## Your assignment
In the records below, the relevant part opens with the line containing "Rechargeae Coressed Air" and closes with the line containing "文联干部学习贯彻党的二十届四中全会精神心得体会"; print that part exactly and only, without its pictures.

## Data for analysis
○ ○ ○

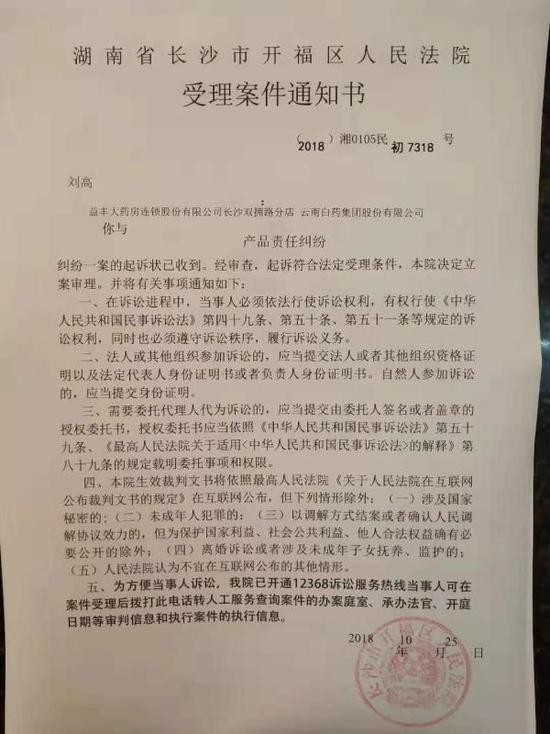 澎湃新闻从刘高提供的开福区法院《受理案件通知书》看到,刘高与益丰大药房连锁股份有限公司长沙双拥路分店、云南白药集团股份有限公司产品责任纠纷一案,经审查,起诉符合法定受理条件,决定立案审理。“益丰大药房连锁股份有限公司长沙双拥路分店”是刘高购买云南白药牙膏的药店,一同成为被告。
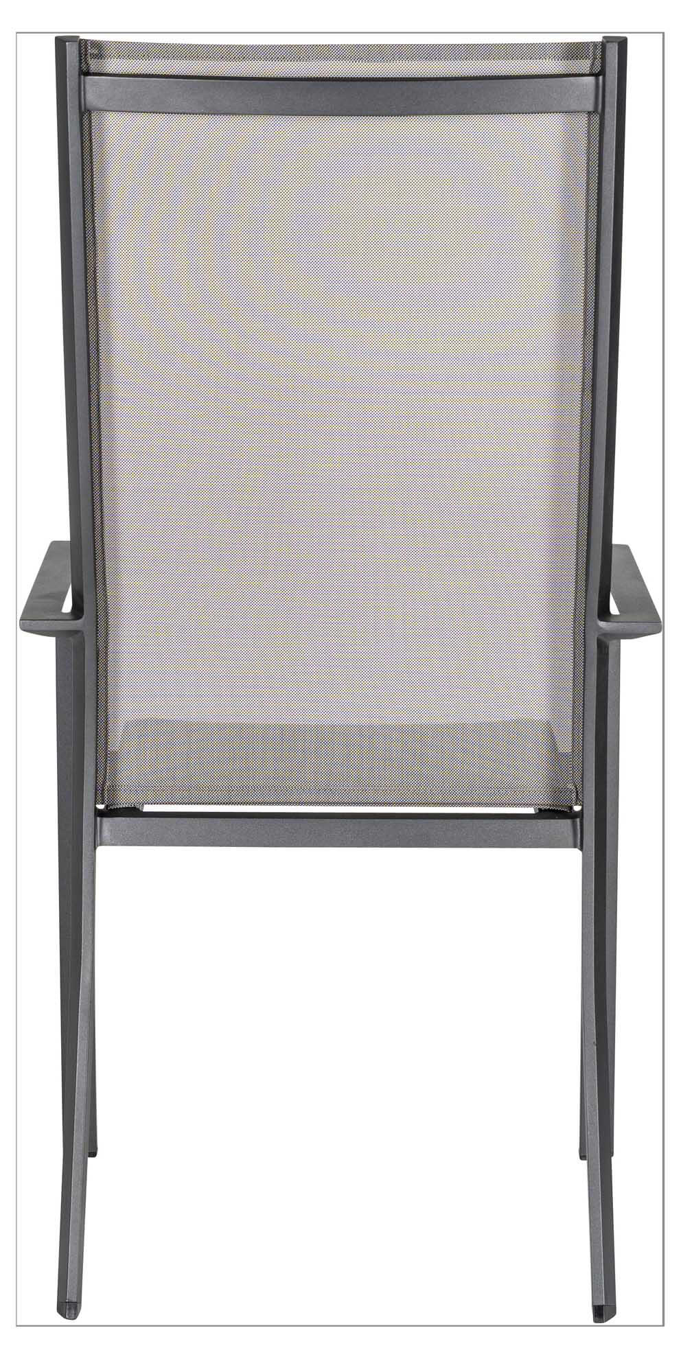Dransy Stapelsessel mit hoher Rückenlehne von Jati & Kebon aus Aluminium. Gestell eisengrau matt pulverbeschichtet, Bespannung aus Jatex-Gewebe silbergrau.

○ ○ ○

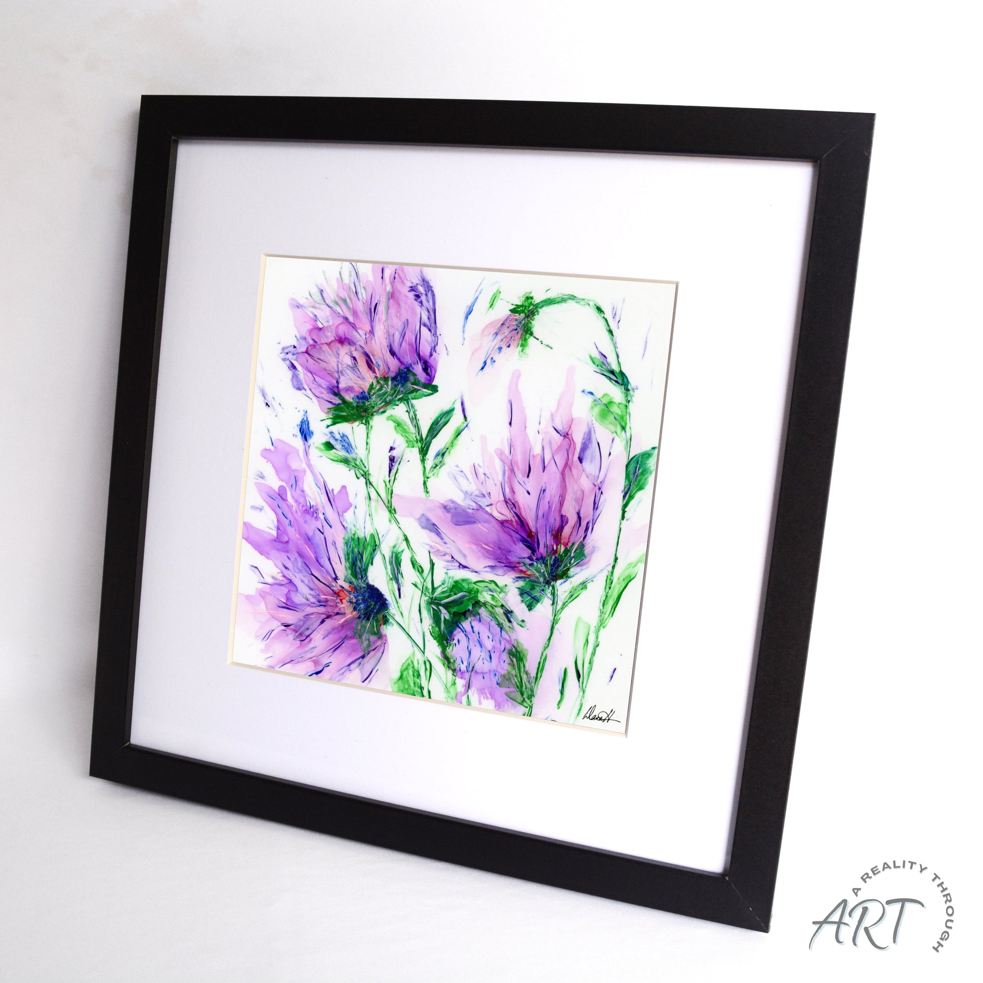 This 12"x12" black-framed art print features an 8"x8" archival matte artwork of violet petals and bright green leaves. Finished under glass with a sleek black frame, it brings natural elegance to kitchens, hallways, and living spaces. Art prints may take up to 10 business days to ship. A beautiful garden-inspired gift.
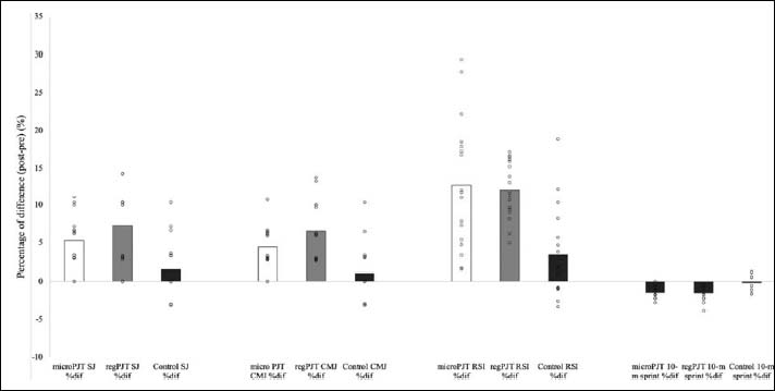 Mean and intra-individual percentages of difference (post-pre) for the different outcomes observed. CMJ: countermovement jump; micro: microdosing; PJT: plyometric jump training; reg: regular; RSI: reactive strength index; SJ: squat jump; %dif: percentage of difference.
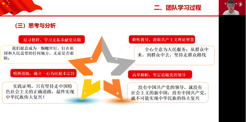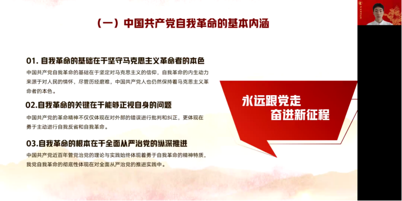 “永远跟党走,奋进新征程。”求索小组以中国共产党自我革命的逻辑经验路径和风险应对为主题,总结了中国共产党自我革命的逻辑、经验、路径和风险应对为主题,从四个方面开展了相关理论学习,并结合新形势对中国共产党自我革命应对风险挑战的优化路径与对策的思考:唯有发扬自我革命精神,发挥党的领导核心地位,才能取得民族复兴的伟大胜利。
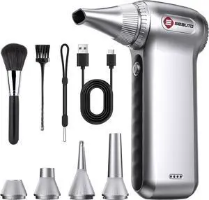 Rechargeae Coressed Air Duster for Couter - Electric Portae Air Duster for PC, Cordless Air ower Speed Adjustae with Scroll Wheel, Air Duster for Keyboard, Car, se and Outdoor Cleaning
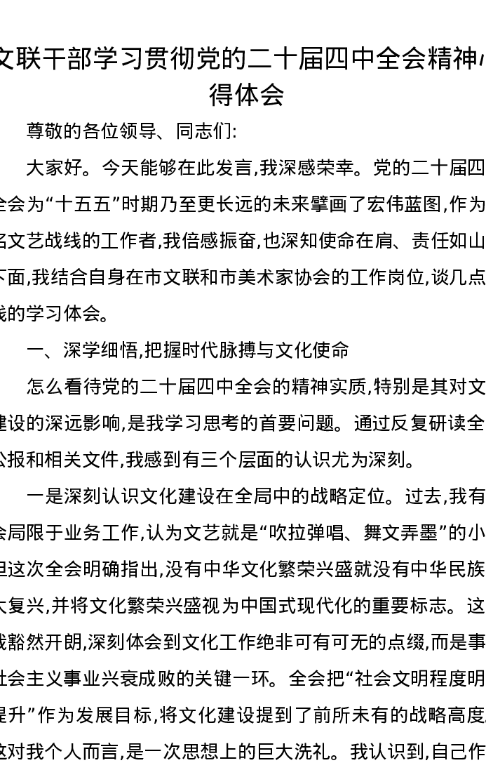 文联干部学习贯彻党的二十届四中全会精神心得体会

○ ○ ○

## Written response
 Rechargeae Coressed Air Duster for Couter - Electric Portae Air Duster for PC, Cordless Air ower Speed Adjustae with Scroll Wheel, Air Duster for Keyboard, Car, se and Outdoor Cleaning
 文联干部学习贯彻党的二十届四中全会精神心得体会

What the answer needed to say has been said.